Task item:
Copy down every line of the data that follows exactly. Omit the pictures.
[Exercise data Boundary: Start]
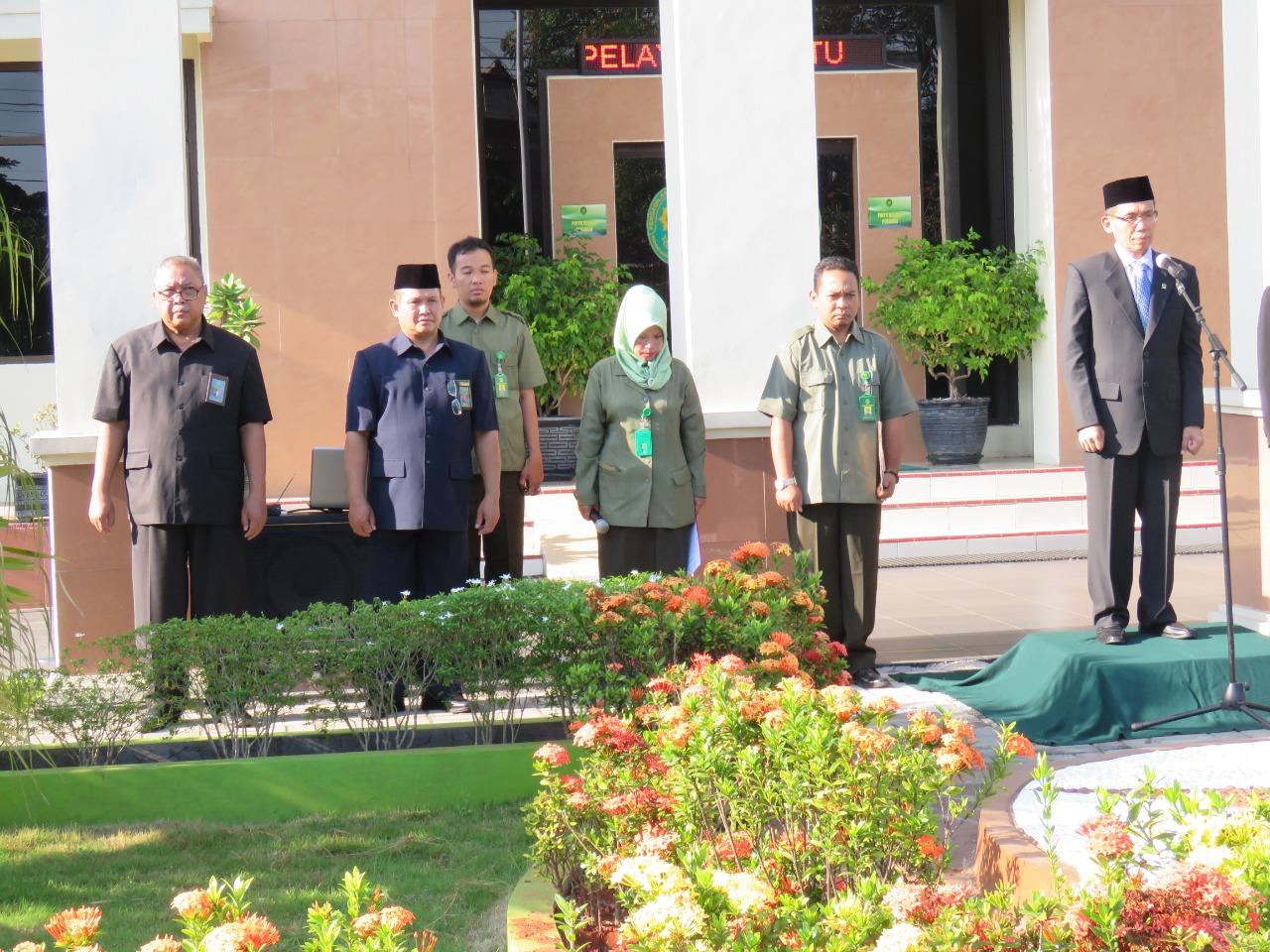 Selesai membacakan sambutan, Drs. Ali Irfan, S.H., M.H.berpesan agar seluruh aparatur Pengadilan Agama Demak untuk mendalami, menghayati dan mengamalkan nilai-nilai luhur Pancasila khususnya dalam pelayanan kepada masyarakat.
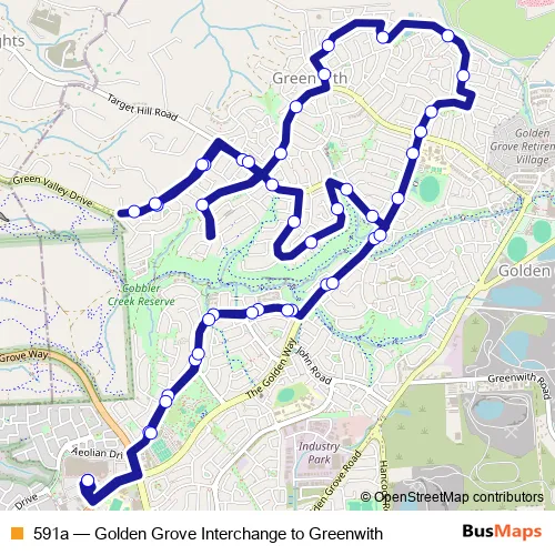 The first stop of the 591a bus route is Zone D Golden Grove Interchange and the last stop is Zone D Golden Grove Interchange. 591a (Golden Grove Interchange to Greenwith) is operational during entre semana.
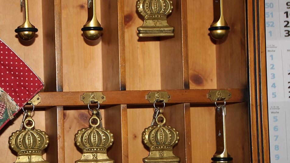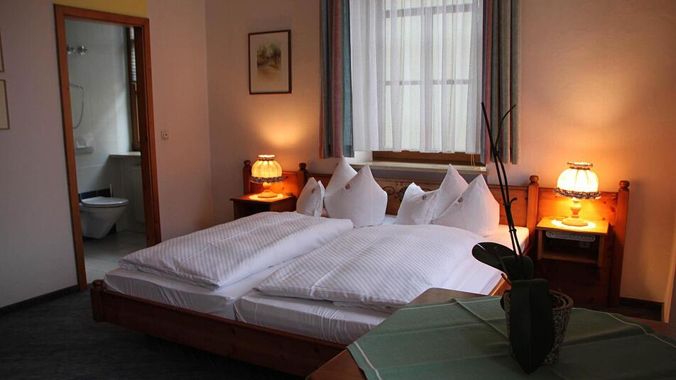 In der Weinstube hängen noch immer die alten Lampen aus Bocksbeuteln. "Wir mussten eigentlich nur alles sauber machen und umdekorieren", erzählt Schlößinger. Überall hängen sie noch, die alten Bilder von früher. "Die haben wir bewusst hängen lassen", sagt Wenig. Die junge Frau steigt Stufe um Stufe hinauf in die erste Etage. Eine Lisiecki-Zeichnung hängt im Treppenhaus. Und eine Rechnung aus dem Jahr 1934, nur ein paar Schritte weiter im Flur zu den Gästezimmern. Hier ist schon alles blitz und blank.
[Exercise data Boundary: End]
Answer section:
 Selesai membacakan sambutan, Drs. Ali Irfan, S.H., M.H.berpesan agar seluruh aparatur Pengadilan Agama Demak untuk mendalami, menghayati dan mengamalkan nilai-nilai luhur Pancasila khususnya dalam pelayanan kepada masyarakat.
 The first stop of the 591a bus route is Zone D Golden Grove Interchange and the last stop is Zone D Golden Grove Interchange. 591a (Golden Grove Interchange to Greenwith) is operational during entre semana.
 In der Weinstube hängen noch immer die alten Lampen aus Bocksbeuteln. "Wir mussten eigentlich nur alles sauber machen und umdekorieren", erzählt Schlößinger. Überall hängen sie noch, die alten Bilder von früher. "Die haben wir bewusst hängen lassen", sagt Wenig. Die junge Frau steigt Stufe um Stufe hinauf in die erste Etage. Eine Lisiecki-Zeichnung hängt im Treppenhaus. Und eine Rechnung aus dem Jahr 1934, nur ein paar Schritte weiter im Flur zu den Gästezimmern. Hier ist schon alles blitz und blank.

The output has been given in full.